Image Credit: Podium Data
Astellas Pharmaceutical, for example, has gone from taking three months on average to provide analytics insight to two days, says Barth, “because we have everything staged and ready for when that query comes in.”
The Podium Process
Podium’s philosophy is centered around bringing business-ready data to users on demand in a self-service model that includes reuse and collaboration, and enterprise grade Data Management. As the product name reflects, it’s all about creating a marketplace where data consumers and producers create value together and enrich the products that are in the marketplace.
“We always felt that the consumer of data needed a stronger hand – not just give things to IT to produce for them but to co-produce with them,” Barth says.
Offering Data Lake Management for data on Hadoop was its first effort at realizing its value proposition of taking advantage of data to the maximum level. But now that extends to using Hadoop and parallel processing to create a high-quality, profiled catalog of data that could include data from inside and outside Hadoop environments: data that at some point could go into the lake and then start building out these assets as they should appear there. It automatically converts, validates, and profiles legacy and external data sources into a consistent format and structure on Hadoop, including mainframe data sets.
“Companies can put all their data on this-cost effective platform and we will have it available, ready, and refreshed with quality controls,” Barth says. Its smart Data Catalog provides automated and mandated continuous metadata capture with intelligent rules – including processes for creating lineage, business tagging, governance and more – as well as searchability.
Image Credit: Podium Data
In the last couple of years, Podium Data has also been able to write rules and detection algorithms against the metadata itself to generate more metadata – for instance, to detect whether information is qualified as PII by looking at field signatures.
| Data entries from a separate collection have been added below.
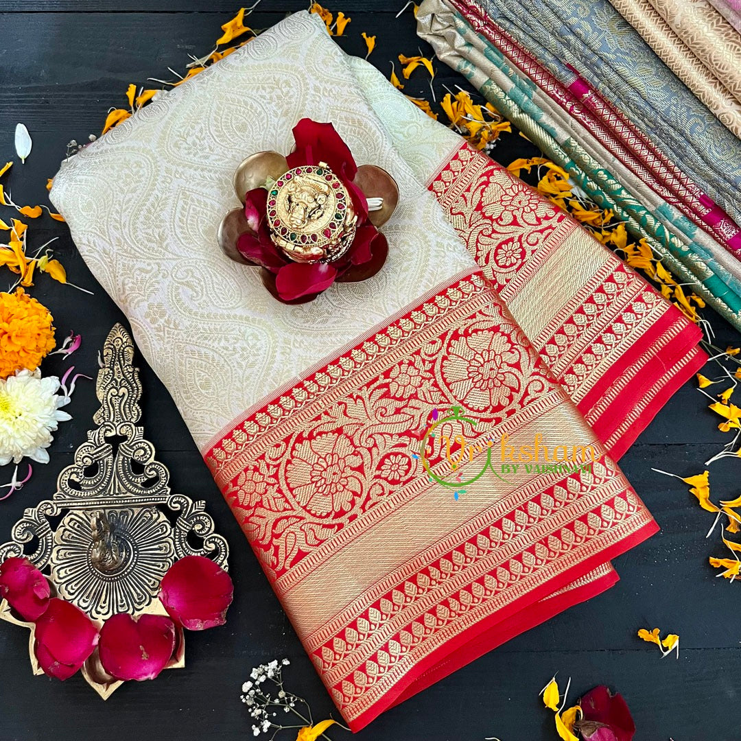 Half White with Red Kanchi Silk Saree – Festive wear saree – Pattern throughout the saree; comes with Blouse attached. One side Big Border and other side lean border. Power loomed saree.
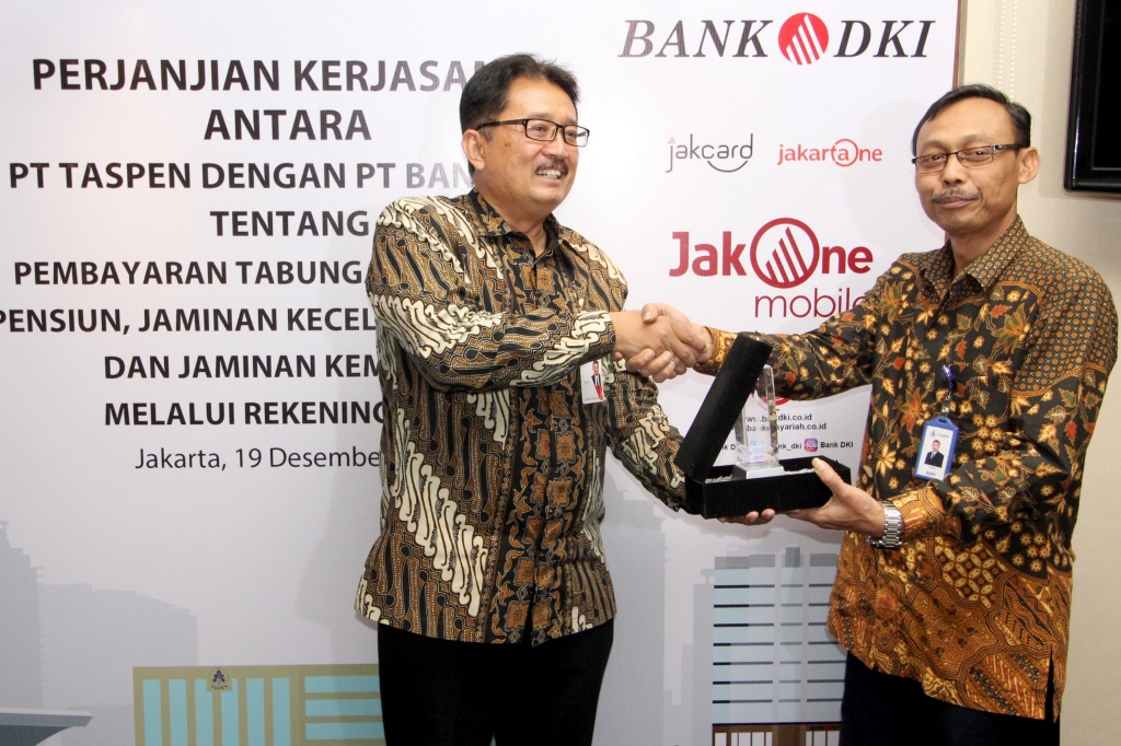 Direktur Bisnis PT Bank DKI, Antonius Widodo Mulyono (kiri) bersama Kepala Cabang Utama PT Taspen, Tawab (kanan) bertukan nota kesepahaman usai penandatanganan perjanjian kerjasama antara PT Bank DKI dan PT Taspen tentang Pembayaran Tabungan Hari Tua, Pensiun, Jaminan Kecelakaan Kerja, dan Jaminan Kematian di Jakarta, Selasa (19/12). Melalui rekening Bank DKI, para pensiunan Dapem memiliki berbagai manfaat menggunakan kartu ATM combo seperti akses layanan transjakarta gratis serta pengajuan fasilitas kredit multiguna bagi pensiunan. AKTUAL/Eko S Hilman
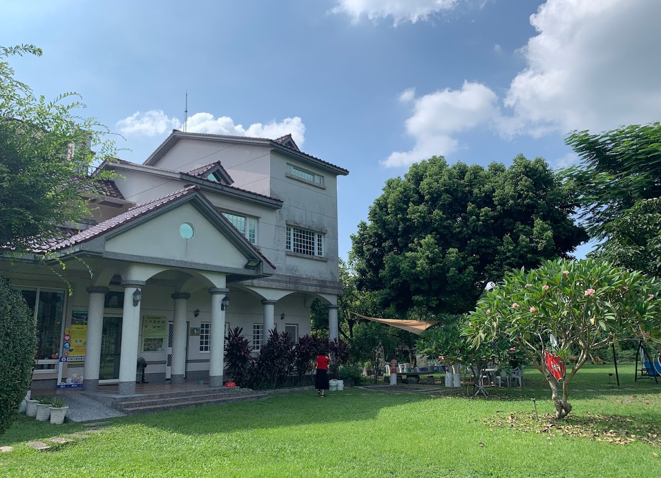 屏東幸福莊園民宿榮獲全台十大好客民宿之一,佔地遼廣,左側香草區,左前側芒果區,前庭種緬梔,有最佳攝影點,風景很有歐式風格。

With the solution, says Barth:
“Everyone can go to the common platform or location to get raw data, and we make it easy to refine that data so it can be shared to get incredible levels of reuse that you never got before when data was shipped all over the place.”
Barth wants companies to understand that data and Data Architecture is living and dynamic, and that as new data sources come into the platform and are tracked in the catalog, it’s possible to join things together in new ways to create new value. “We encourage them to build the catalog first, then use it to identify business opportunities and prioritize their goals. The catalog enables a truly data-driven business strategy,” Barth says.
Provisioning data into a raw data environment where it can be consumed and understood, creating purpose-built data sets, and exposing trusted data with appropriate access controls for self-service user communities are key aspects. “You find gaps, weaknesses and maybe opportunities that you hadn’t thought of by having the catalog at the ready for you at all times,” says Barth.
Indeed, he explains, “we want the catalog centric view of the world to be dominant.” It has to be smart about where data is, whose using it, and ensuring that it is transparent, agile, and scalable.
“The future isn’t everything consolidated in one Hadoop cluster,” Barth says, “and to manage hybrid and federated data that spans on-premises and in the cloud you need a catalog-centric product.”